* [REQUIRED ACTION] Only an exact copy is wanted: the lines from the one holding "Therefore, 10/14 of" through the last line below, minus the pictures.

* [SOURCE MATERIAL]
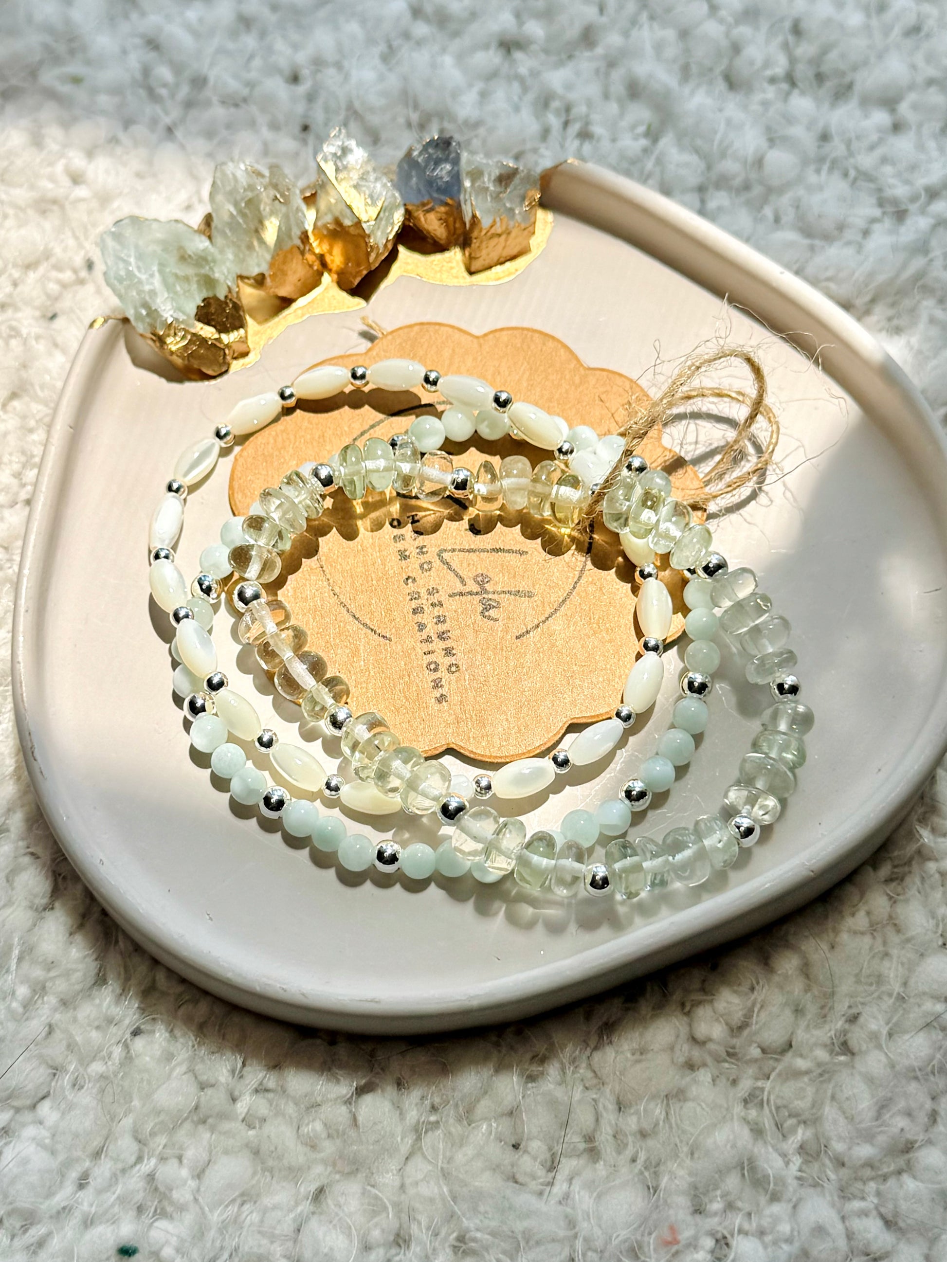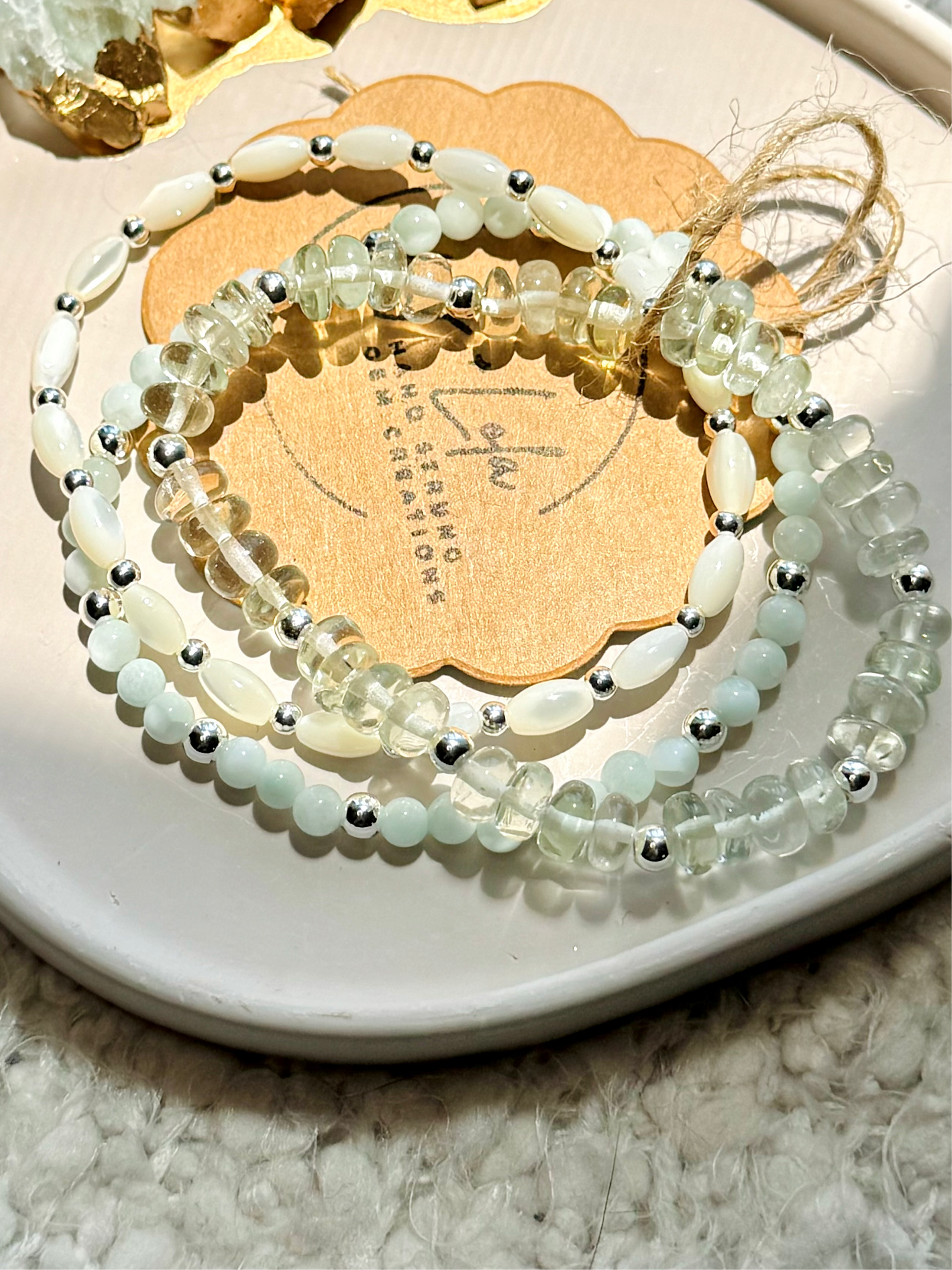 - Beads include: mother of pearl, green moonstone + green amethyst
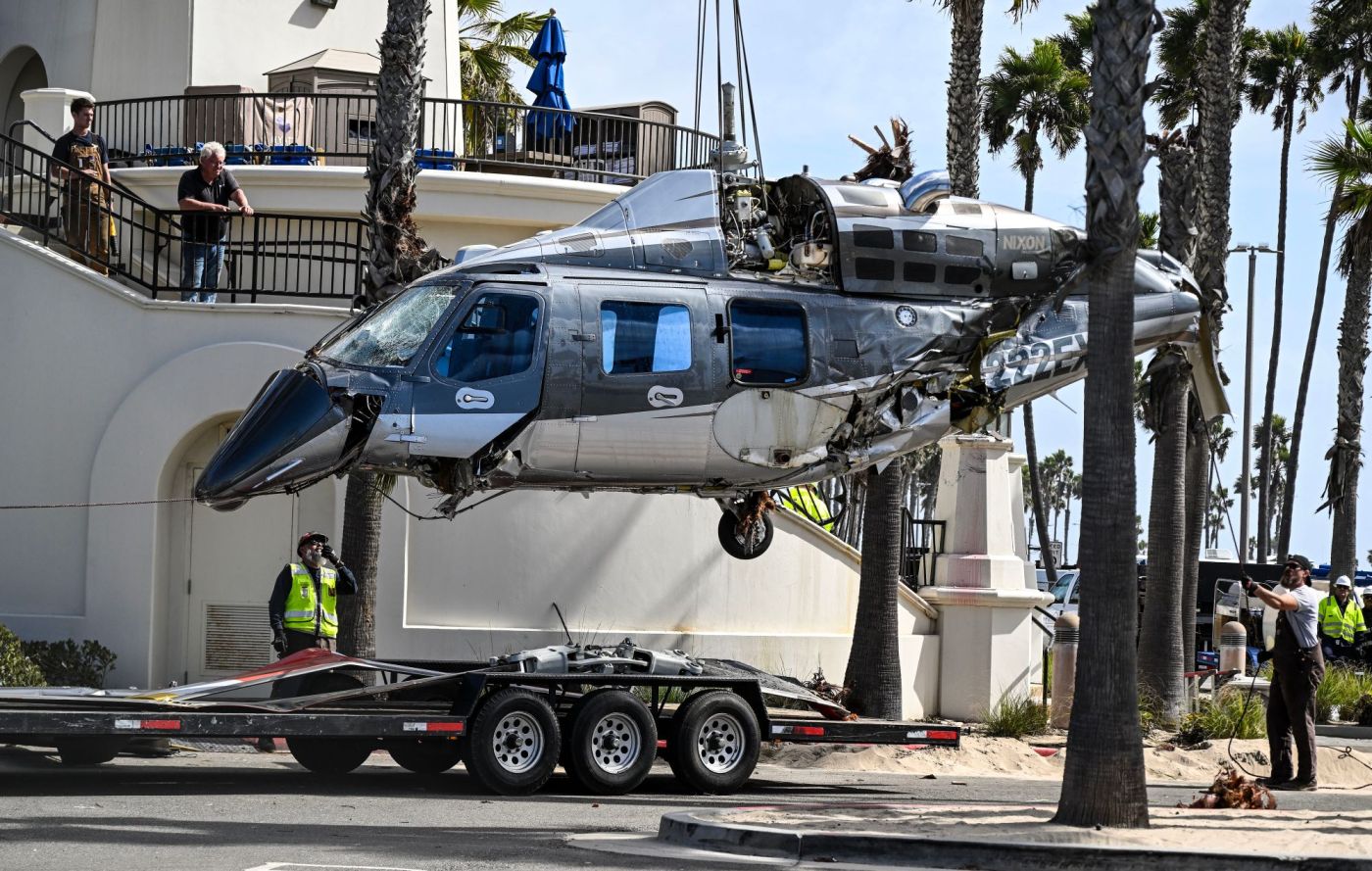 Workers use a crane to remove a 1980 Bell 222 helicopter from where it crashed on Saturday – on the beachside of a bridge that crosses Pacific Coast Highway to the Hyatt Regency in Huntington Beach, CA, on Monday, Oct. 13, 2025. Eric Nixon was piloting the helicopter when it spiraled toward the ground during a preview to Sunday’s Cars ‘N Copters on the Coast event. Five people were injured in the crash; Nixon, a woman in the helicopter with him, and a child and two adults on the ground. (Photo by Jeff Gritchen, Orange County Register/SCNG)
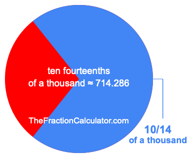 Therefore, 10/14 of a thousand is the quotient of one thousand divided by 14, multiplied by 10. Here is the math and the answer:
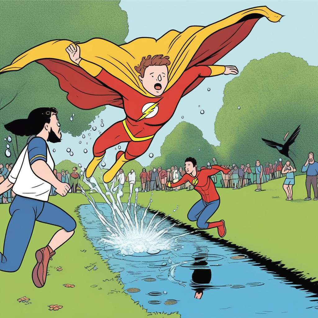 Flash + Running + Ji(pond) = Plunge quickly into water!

* [SOLUTION FOR THIS EXERCISE]
 Therefore, 10/14 of a thousand is the quotient of one thousand divided by 14, multiplied by 10. Here is the math and the answer:
 Flash + Running + Ji(pond) = Plunge quickly into water!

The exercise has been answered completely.